Some patients need to have hearing aid response adjustments at follow-up visits. These are not always simple gain adjustments that take the patient away from NL2 targets. Adjustments may be needed to help with issues such as sound quality or loudness discomfort. However, there are more reasons that these routine follow-up visits are necessary. Many patients require additional training and counseling on the use of their devices. There is a great deal of information covered with a new hearing aid fitting, and, in many cases, it is better digested in small bites. Some patients have difficulty handling their devices. Some have comfort issues, and some wish to exchange their devices for a different model. More help with telephone communication is often needed.

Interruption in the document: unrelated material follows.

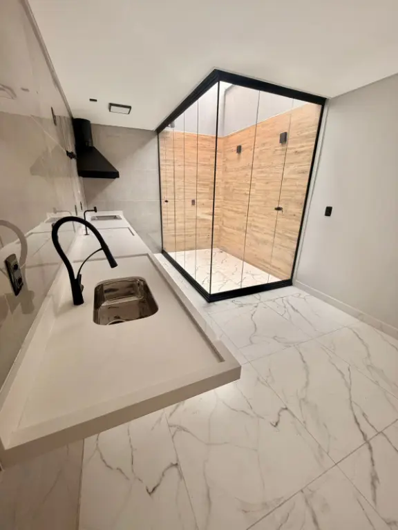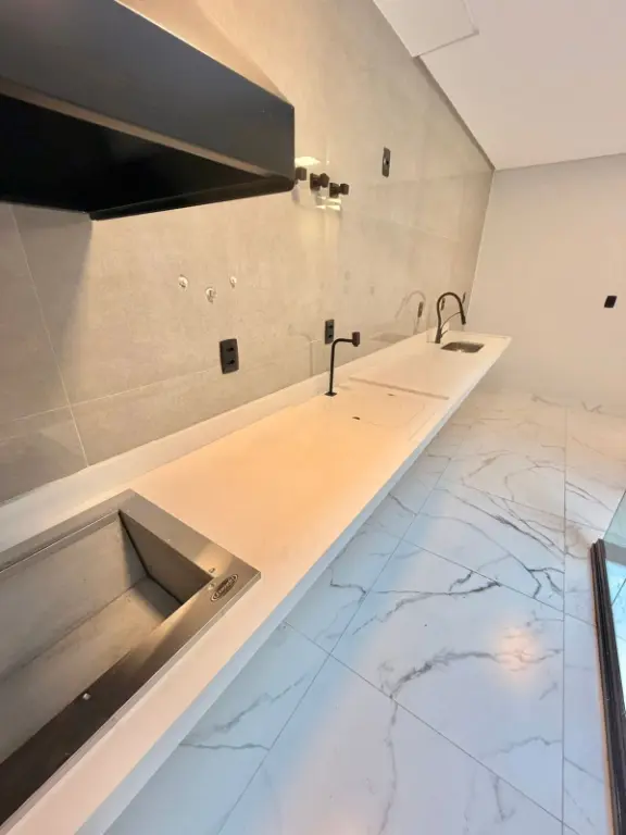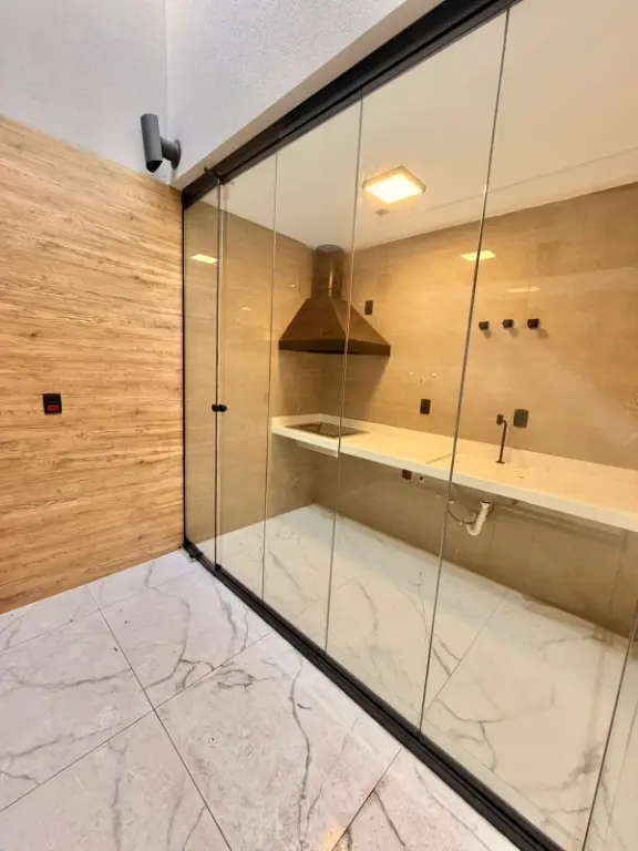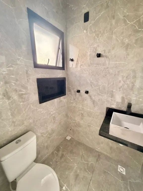 São 3 suítes sendo uma suíte com varanda, sala para dois ambientes, lavabo, cozinha com área gourmet (churrasqueira a carvão). Acabamentos de qualidade, com porcelanatos grandes, forros de gesso, iluminação com led, torneiras. Já possui instalação para ar condicionado, e água quente e frias nas torneiras. Documentação em ordem para financiamento. Agende uma visita.

The lack of follow-up visits is very likely the major contributing factor to the astounding 88% of subjects that had twisted or kinked hearing aid tubing and the consequent reduced SII scores at the end of the 6-week trial. One can only speculate how early in the trial process these problems emerged and if this may have directly contributed to reduced benefit. This problem would have been corrected soon after it occurred with appropriate follow-up visits.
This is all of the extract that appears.